Etoposide pharmacokinetics in children treated for acute myeloid leukemia

We studied the pharmacokinetics of etoposide in 45 children treated for newly diagnosed acute myeloid leukemia. Etoposide, 100 mg/m body surface area/24 h, was administered by 96-h continuous intravenous infusion. Concomitantly, the children received cytarabine 200 mg/m/24 h by intravenous infusion and 6-thioguanine 100 mg/m twice daily orally. Median total body clearance in children 0.5-1.8 (n=4) and 2.3-17.7 years old (n=36) without Down's syndrome was 17.1 and 17.6 ml/min/m, respectively (P=0.96). Five children with Down's syndrome had a median clearance of 13.6 ml/min/m (P=0.067 compared with non-Down's syndrome children). Eighteen of the children received a second identical treatment course 3-4 weeks later; there was a significant correlation between individual clearance values (rho=0.56; P=0.017). We found no significant correlation between etoposide pharmacokinetics and the remission rate or the relapse rate. In conclusion, our findings indicate that special dose-calculation guidelines for infants above 3 months old are not substantiated by age-dependent pharmacokinetics of etoposide. Down's syndrome children might be candidates for dose reduction if our data are confirmed in larger numbers of patients. Low course-to-course variability indicates that pharmacokinetically guided dosing of etoposide might be clinically relevant, if larger studies can demonstrate that this approach decreases toxicity or increases response rates.     

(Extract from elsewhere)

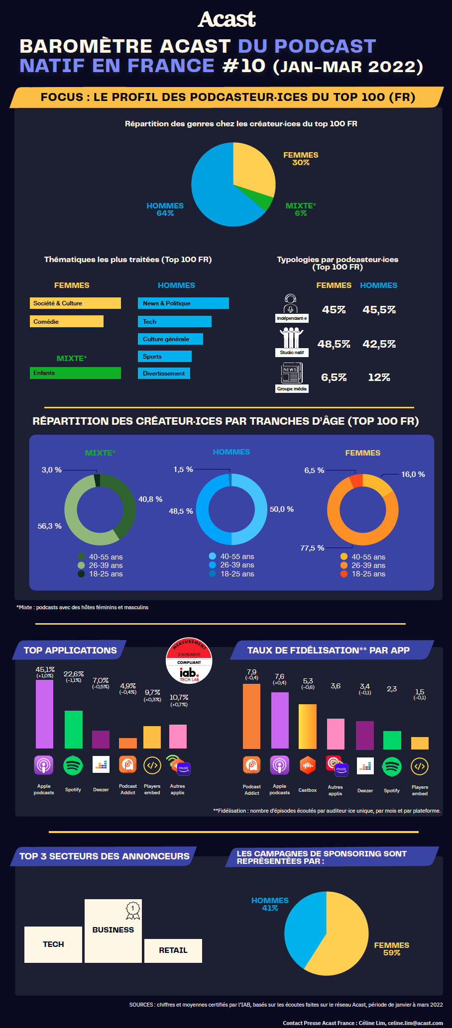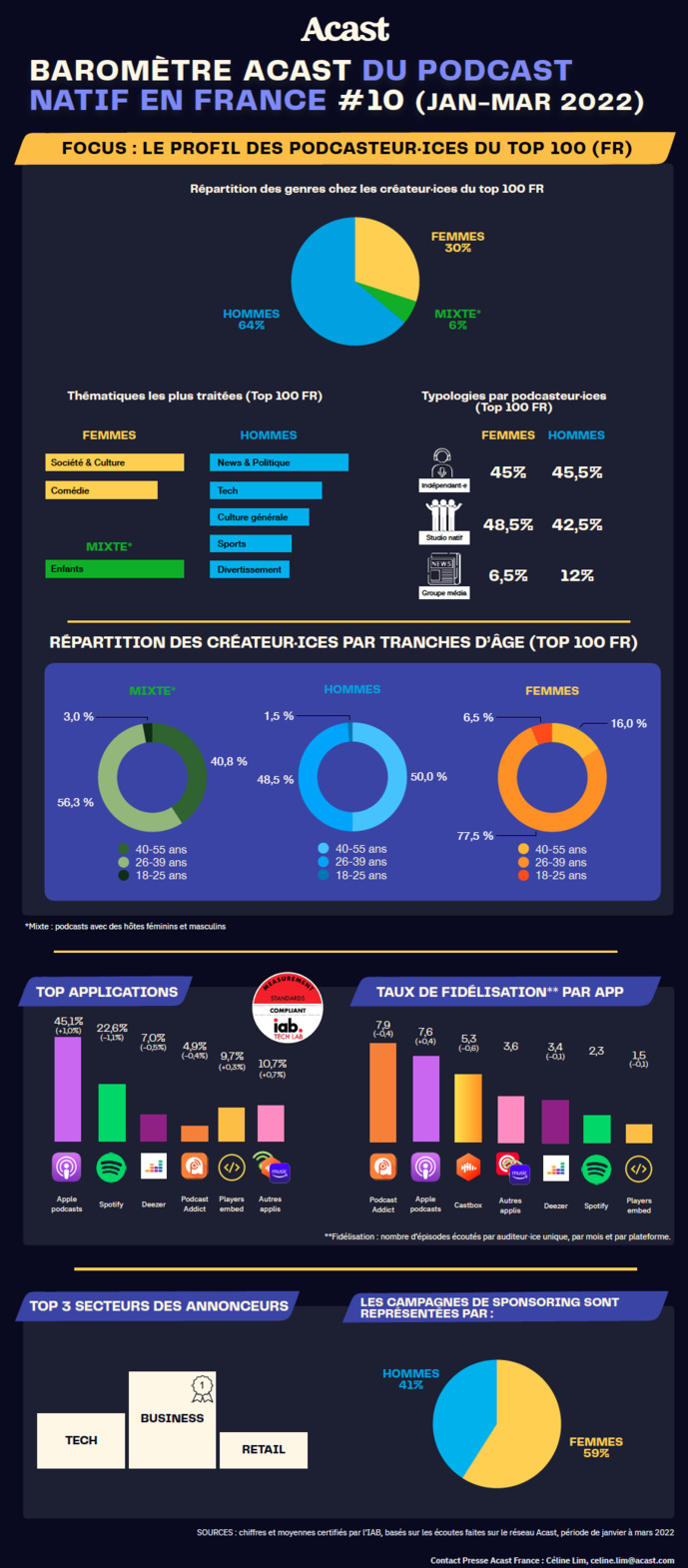 Malgré une légère baisse sur le nombre d’épisodes écoutés par auditeurs unique, par mois et par plateforme, les amoureux·ses des podcasts sont toujours aussi fidèles sur les plateformes dédiées : avec 7.9 épisodes écoutés par auditeur par mois sur Podcast Addict (-0,4 épisode), 5,3 épisodes sur Castbox (-0,6 épisodes). Apple Podcast tire son épingle du jeu avec une moyenne de 7.6 épisodes écoutés par auditeur par mois soit une hausse de +0.4 épisode. Enfin, côté annonceurs, ce sont les entreprises B2B qui investissent le plus en podcast, suivies par les entreprises tech et retail. Et dans les campagnes de sponsoring de ce premier trimestre 2022, la gent féminine est largement représentée à 59% versus les hommes avec 41%.

Doxorubicin pharmacokinetics is correlated to the effect of induction therapy in children with acute myeloid leukemia

We studied the pharmacokinetics of doxorubicin in 41 children treated for newly diagnosed acute myeloid leukemia. Doxorubicin, 75 mg/m2 body surface area, was administered by constant i.v. infusion over 8 h. Four children with Down's syndrome (DS), 1.2-2.3 years old, had a median total body clearance of 523 ml/min/m2. The median clearance in non-DS children, 0.6-1.8 years old (n = 4) and 2.5-17.7 years old (n = 33), was 446 and 538 ml/min/m2, respectively. Patients who went into complete remission (CR) after induction therapy had a significantly higher median plasma concentration of doxorubicin than those who did not, 249 compared with 180 ng/ml, respectively (P = 0.036; analysis restricted to non-DS patients). Doxorubicin plasma concentration was an independent factor for CR, both in univariate (P = 0.031) and multivariate analysis including sex, age and white blood cell count at diagnosis (P = 0.021). Patients who reached CR had a significantly lower doxorubicin clearance than those who did not, 513 and 657 ml/min/m2, respectively (P = 0.017). In conclusion, doxorubicin plasma concentration and total body clearance during up-front treatment were correlated to the effect of induction therapy. Prospective studies should be performed to confirm the concentration-effect relationship and explore the possibility of therapeutic monitoring.